If it is tricky to regulate the markets for initial public offering shares of SpaceX or future cattle contracts, how much tougher will it be to ensure fairness with trades related to NBA games, upcoming elections, potential terrorist attacks, the weather, or even Taylor Swift’s wedding day and venue?
Laws against insider trading — that is, exploiting confidential information in trading markets for personal financial gain — and market manipulation — actions taken to distort information affecting financial trades — are notoriously difficult to enforce. Evidence is usually circumstantial, and robust free-speech protection can be in tension with preventing conspiracies to spread false information or coordinate stampedes.
Most of the relevant legislation and regulatory framework is decades old; some, from the 1930s, is nearing its centennial. Technological advances have made enforcement harder, and the vast broadening of what is traded is making such problems much harder to regulate and police.
What is the history behind prediction markets and domestic politics?
In terms of domestic politics, betting on presidential elections was not strictly legal but was, just the same, a widespread open secret in the first half of the 20th century. It was eventually crowded out by other gambling options and phased out by the enforcement of existing laws.
Modern political betting dates from the late 1980s, when the University of Iowa Business School obtained an exemption to run a futures market on elections for research purposes.
Americans then trickled into overseas betting markets. Most controversies related to whether some fat cats were trying to flood the markets in order to generate good publicity for their preferred candidate or bad news for their dispreferred candidate. The claim was not that they were engaging in financial cons for profit, but that they were aiming to manipulate betting odds in the belief that these would somehow move marginal voters who like to jump on bandwagons.
What effect could prediction markets have on geopolitical affairs?
This is a more worrying area. The U.S. Department of Defense tried to launch a brief experiment in events trading to forecast and model global risks a couple decades ago, in the aftermath of 9/11. But there was significant unease with the plan, and it was dropped. Forecasting tournaments, in which participants would submit predictions for future events, somewhat took up the slack, but those were never full-fledged markets like we have now.
An obvious worry is that if someone can profit by predicting something grim like a terrorist attack, then that creates new incentives for perpetrators of those attacks. People already commit grievous crimes to make ideological points or inflict great harm on the public. Setting up another path for fanatics to finance and capitalize off crime is extremely perilous, to say the least.

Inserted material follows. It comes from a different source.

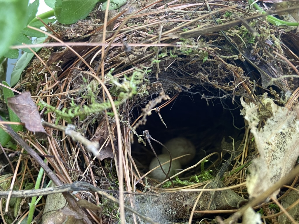 The opening picture is of a bird’s egg that Dawsey found on the ground on Sunday. I found an old picture of the nest the Carolina Wrens built in our window box last summer:

On the other side, if U.S. government insiders aim to exploit classified information as a side hustle, they might inadvertently expose clandestine programs or state secrets. Those in possession of sensitive information can already choose to leak or sell it, of course, and history is rife with such examples. Alger Hiss and Julian Assange did not supplement their espionage benefits by collecting tidy prediction-based profits.
Although inference from market movements in the absence of specialized knowledge is very hard to gauge, one can imagine insiders at the companies running these markets spotting trades by customers who plausibly have specialized knowledge, and thereby gaining valuable insider information that officials would be loath to publicize.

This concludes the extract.